> _TASK TO CARRY OUT_
For each entry, return the text exactly and omit any image.

> _RECORD EXTRACTS_
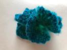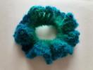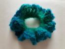 モヘア調のふんわりした毛糸でシュシュを編みました。
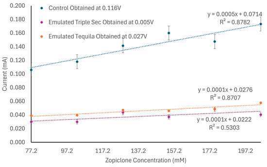 When measuring the different concentrations of zopiclone, the analysis demonstrated that this substance achieved its peak oxidation current at 0.116 V and maximized its linearity when analyzing concentrations between 77.2 mM and 205.8 mM. When measuring concentrations above this, the laccase biosensor quickly saturated; meanwhile, it was undersaturated when measuring concentrations below this range, leading to inconclusive results. As shown in Figure 6, the data obtained for these concentrations indicated that, when in oxidation, the zopiclone control behaves following the formula y = 0.0005x + 0.714 and can achieve an R2 of 0.8782, which implies a sensibility of 0.0005 mA/mM. Furthermore, when testing the interference of ELJ, the laccase biosensor, unfortunately, became saturated, independently of the measured concentration of zopiclone. Therefore, its interference will not be reported.
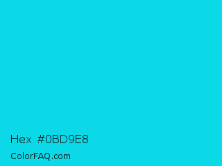 Hex #0bd9e8 Color is a normal cyan color and the nearest color is Bright Turquoise #08e8de. Hex code #0bd9e8 and RGB value is rgb(11,217,232). In RGB color space, this color is composed of 4% red, 85% green, 91% blue, In CMYK color space, this color is composed of 95% cyan, 6% magenta, 0% yellow , 9% black , In HSL color space, this color has a hue angle of 184° , 91% saturation and 48% lightness.
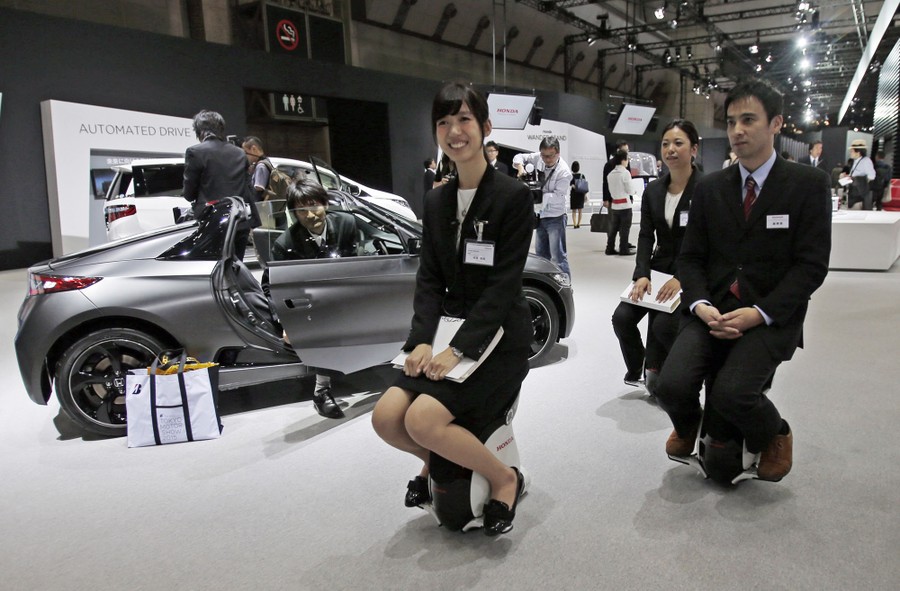 Read moreHonda Motor employees ride on Honda UNI-CUB ß through the Japanese automaker's booth during the media preview of the Tokyo Motor Show in Tokyo on October 28, 2015. #
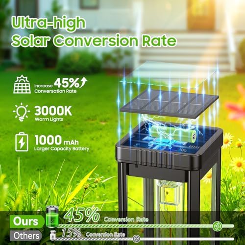 【45% Solar Conversion & 15H Long Lasting】Unlike other solar outdoor lights, our solar lights outdoor pathway use monocrystalline panels (45% efficiency) to hoard sunlight like desert cacti. A 1000mAh battery lets solar garden lights burn from dusk till dawn—10-15 hours straight. From midnight rose-pruning to predawn coffee runs, pathway lights solar powered ensure your path never fades to black. Save on your electric bill while enjoying the pleasant glow of these garden lights solar powered
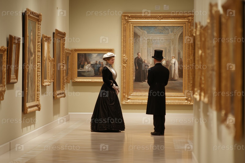 Мужчина и женщина в викторианском наряде наблюдают за картинами в художественной галерее
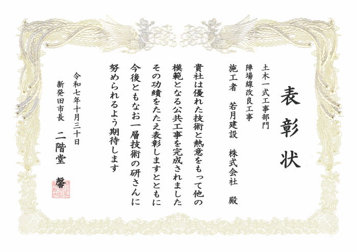 令和7年度 新発田市建設工事優良施工業者表彰
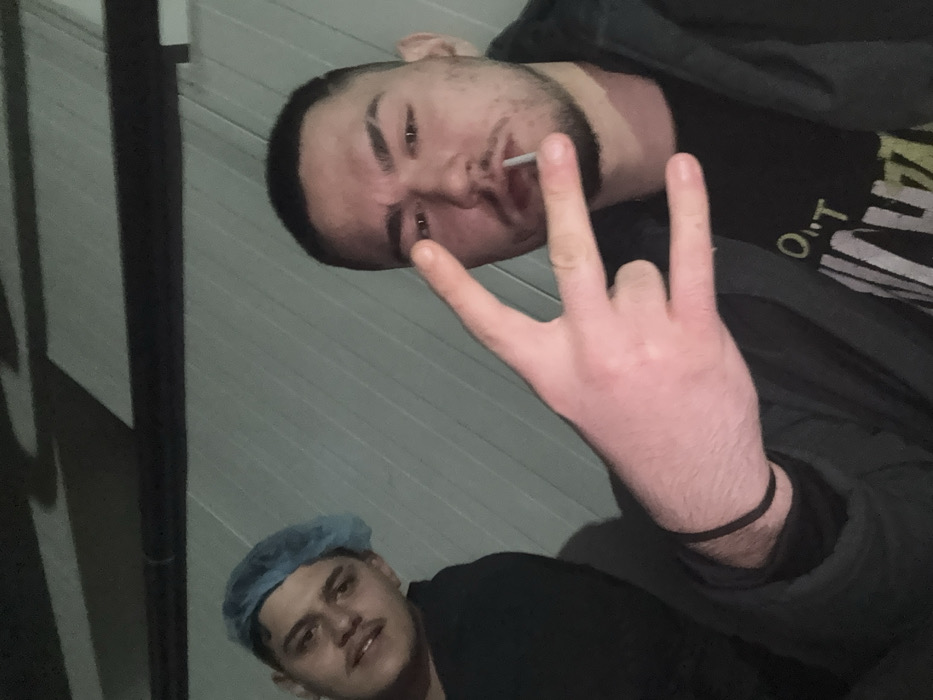 The image captures two young adult males in Yambol, Bulgaria, positioned in a selfie-style shot against a dimly lit background composed of light grey, horizontally paneled walls. A dark horizontal structure is visible in the upper background. The individual in the foreground, on the right, has short dark hair and noticeable facial stubble. He wears a dark hooded jacket over a black t-shirt featuring partially visible light-colored graphic text. His right hand is raised, forming a gesture with the index and pinky fingers extended, while the thumb secures the middle and ring fingers. A thin, dark band or bracelet is on his left wrist. A white, cylindrical object is held in his mouth, protruding slightly. He looks directly at the camera with a neutral expression. The second individual, positioned in the left background, wears a light blue disposable hairnet on his head and a dark long-sleeved garment. He has a visible light mustache and gazes towards the camera with a slight smirk.
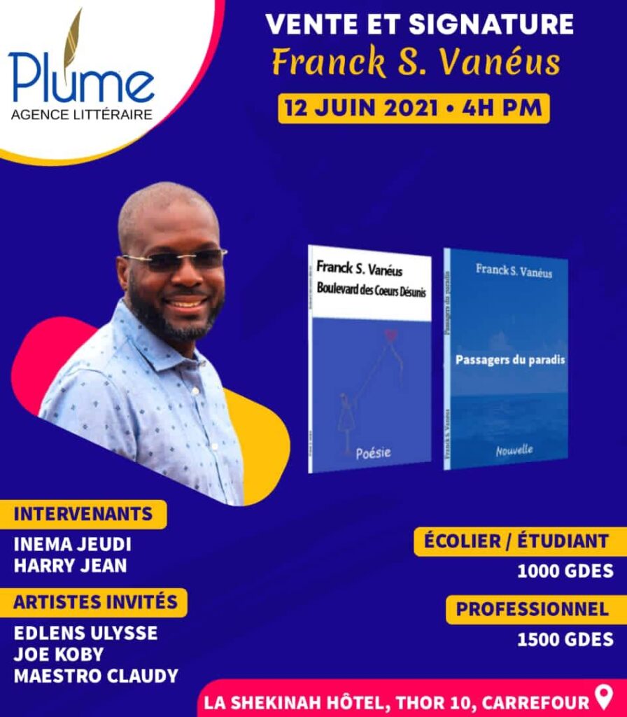 Franck S. Vanéus est avocat depuis plus de vingt (20) et détient un master en philosophie. Il publiera un recueil de nouvelles (Passagers du paradis) et un recueil de poésies (Boulevard des cœurs désunis) le 12 juin 2021 à La Shekinah Hôtel sis au numéro 40, Thor 10, Carrefour.
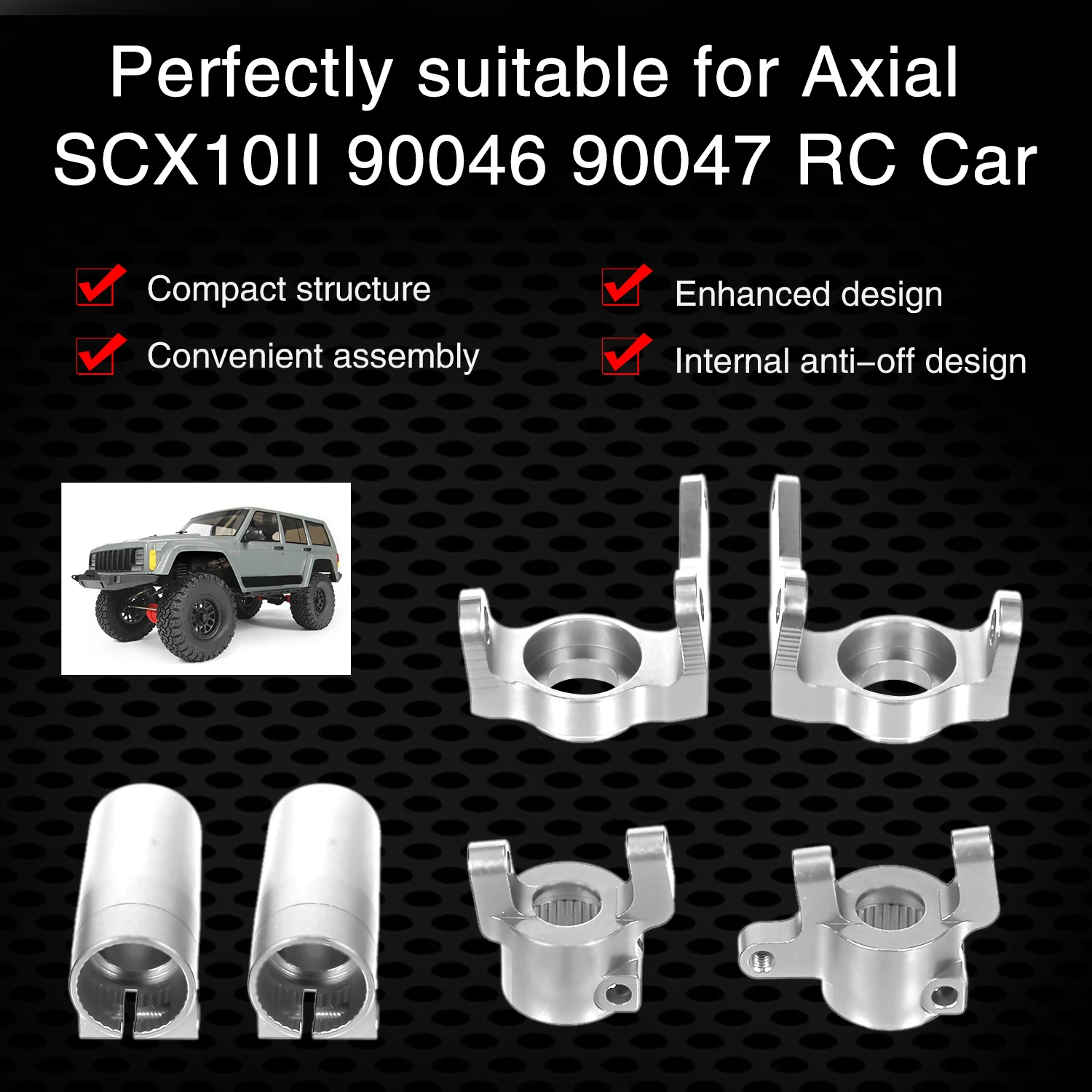 Они подходят для осевого автомобиля SCX10II 90047 RC. Они способны эффективно улучшить стабильность рулевого управления, что обеспечивает отличную производительность, предотвращая деформацию кузова транспортного средства.
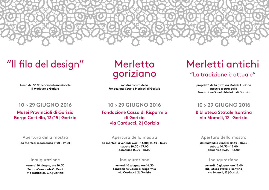 Non mancheranno le manifestazioni collaterali. La mostra “Merletto goriziano”, a cura della Fondazione Scuola Merletti di Gorizia, sarà inaugurata il 10 giugno, alle 16.30, nella sede della Fondazione Cassa di Risparmio di Gorizia, e si potrà visitare fino al 29 giugno (da martedì a venerdì dalle 9.30 alle 13 e dalle 14.30 alle 16, il sabato dalle 10.30 alle 13 e la domenica dalle 15 alle 18).

> _RESPONSE_
 モヘア調のふんわりした毛糸でシュシュを編みました。
 When measuring the different concentrations of zopiclone, the analysis demonstrated that this substance achieved its peak oxidation current at 0.116 V and maximized its linearity when analyzing concentrations between 77.2 mM and 205.8 mM. When measuring concentrations above this, the laccase biosensor quickly saturated; meanwhile, it was undersaturated when measuring concentrations below this range, leading to inconclusive results. As shown in Figure 6, the data obtained for these concentrations indicated that, when in oxidation, the zopiclone control behaves following the formula y = 0.0005x + 0.714 and can achieve an R2 of 0.8782, which implies a sensibility of 0.0005 mA/mM. Furthermore, when testing the interference of ELJ, the laccase biosensor, unfortunately, became saturated, independently of the measured concentration of zopiclone. Therefore, its interference will not be reported.
 Hex #0bd9e8 Color is a normal cyan color and the nearest color is Bright Turquoise #08e8de. Hex code #0bd9e8 and RGB value is rgb(11,217,232). In RGB color space, this color is composed of 4% red, 85% green, 91% blue, In CMYK color space, this color is composed of 95% cyan, 6% magenta, 0% yellow , 9% black , In HSL color space, this color has a hue angle of 184° , 91% saturation and 48% lightness.
 Read moreHonda Motor employees ride on Honda UNI-CUB ß through the Japanese automaker's booth during the media preview of the Tokyo Motor Show in Tokyo on October 28, 2015. #
 【45% Solar Conversion & 15H Long Lasting】Unlike other solar outdoor lights, our solar lights outdoor pathway use monocrystalline panels (45% efficiency) to hoard sunlight like desert cacti. A 1000mAh battery lets solar garden lights burn from dusk till dawn—10-15 hours straight. From midnight rose-pruning to predawn coffee runs, pathway lights solar powered ensure your path never fades to black. Save on your electric bill while enjoying the pleasant glow of these garden lights solar powered
 Мужчина и женщина в викторианском наряде наблюдают за картинами в художественной галерее
 令和7年度 新発田市建設工事優良施工業者表彰
 The image captures two young adult males in Yambol, Bulgaria, positioned in a selfie-style shot against a dimly lit background composed of light grey, horizontally paneled walls. A dark horizontal structure is visible in the upper background. The individual in the foreground, on the right, has short dark hair and noticeable facial stubble. He wears a dark hooded jacket over a black t-shirt featuring partially visible light-colored graphic text. His right hand is raised, forming a gesture with the index and pinky fingers extended, while the thumb secures the middle and ring fingers. A thin, dark band or bracelet is on his left wrist. A white, cylindrical object is held in his mouth, protruding slightly. He looks directly at the camera with a neutral expression. The second individual, positioned in the left background, wears a light blue disposable hairnet on his head and a dark long-sleeved garment. He has a visible light mustache and gazes towards the camera with a slight smirk.
 Franck S. Vanéus est avocat depuis plus de vingt (20) et détient un master en philosophie. Il publiera un recueil de nouvelles (Passagers du paradis) et un recueil de poésies (Boulevard des cœurs désunis) le 12 juin 2021 à La Shekinah Hôtel sis au numéro 40, Thor 10, Carrefour.
 Они подходят для осевого автомобиля SCX10II 90047 RC. Они способны эффективно улучшить стабильность рулевого управления, что обеспечивает отличную производительность, предотвращая деформацию кузова транспортного средства.
 Non mancheranno le manifestazioni collaterali. La mostra “Merletto goriziano”, a cura della Fondazione Scuola Merletti di Gorizia, sarà inaugurata il 10 giugno, alle 16.30, nella sede della Fondazione Cassa di Risparmio di Gorizia, e si potrà visitare fino al 29 giugno (da martedì a venerdì dalle 9.30 alle 13 e dalle 14.30 alle 16, il sabato dalle 10.30 alle 13 e la domenica dalle 15 alle 18).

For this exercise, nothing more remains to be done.